> **What you will do**:
Your reply must contain the full listing below, reproduced exactly, but no pictures.

> **Dataset extract**:
···

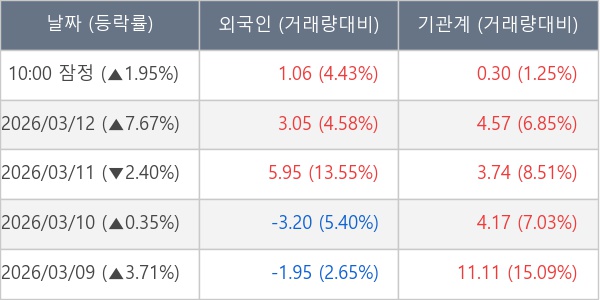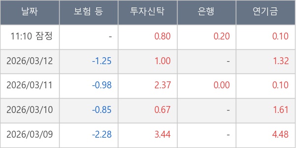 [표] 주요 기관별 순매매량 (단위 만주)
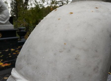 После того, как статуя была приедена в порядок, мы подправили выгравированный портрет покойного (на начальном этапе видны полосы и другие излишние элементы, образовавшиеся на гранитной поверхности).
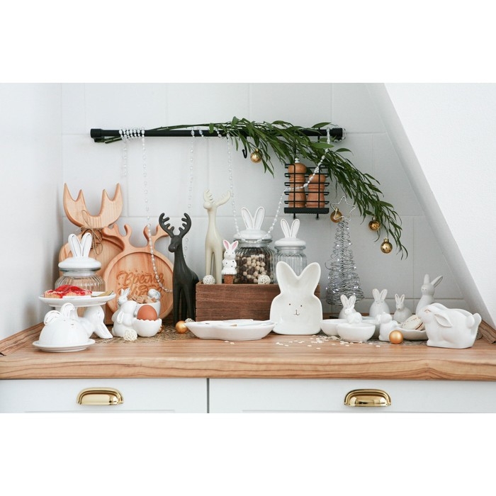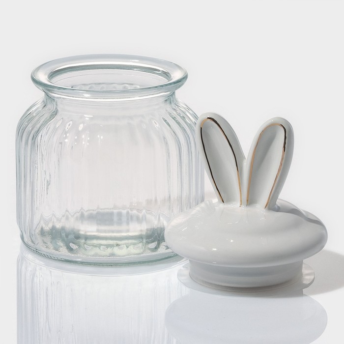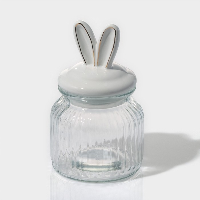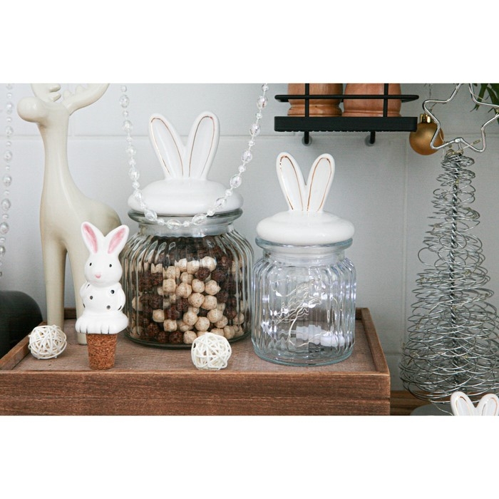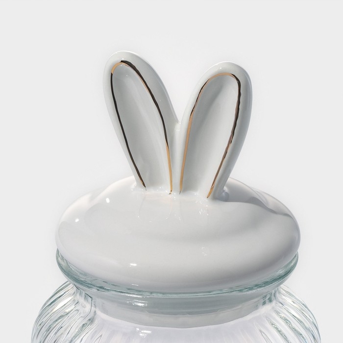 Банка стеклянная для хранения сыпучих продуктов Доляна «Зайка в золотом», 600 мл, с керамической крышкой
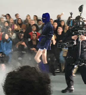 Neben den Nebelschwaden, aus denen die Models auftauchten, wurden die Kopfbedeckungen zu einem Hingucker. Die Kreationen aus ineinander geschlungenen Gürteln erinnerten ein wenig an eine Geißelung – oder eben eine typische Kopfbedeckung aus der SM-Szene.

···

> **Problem solution**:
 [표] 주요 기관별 순매매량 (단위 만주)
 После того, как статуя была приедена в порядок, мы подправили выгравированный портрет покойного (на начальном этапе видны полосы и другие излишние элементы, образовавшиеся на гранитной поверхности).
 Банка стеклянная для хранения сыпучих продуктов Доляна «Зайка в золотом», 600 мл, с керамической крышкой
 Neben den Nebelschwaden, aus denen die Models auftauchten, wurden die Kopfbedeckungen zu einem Hingucker. Die Kreationen aus ineinander geschlungenen Gürteln erinnerten ein wenig an eine Geißelung – oder eben eine typische Kopfbedeckung aus der SM-Szene.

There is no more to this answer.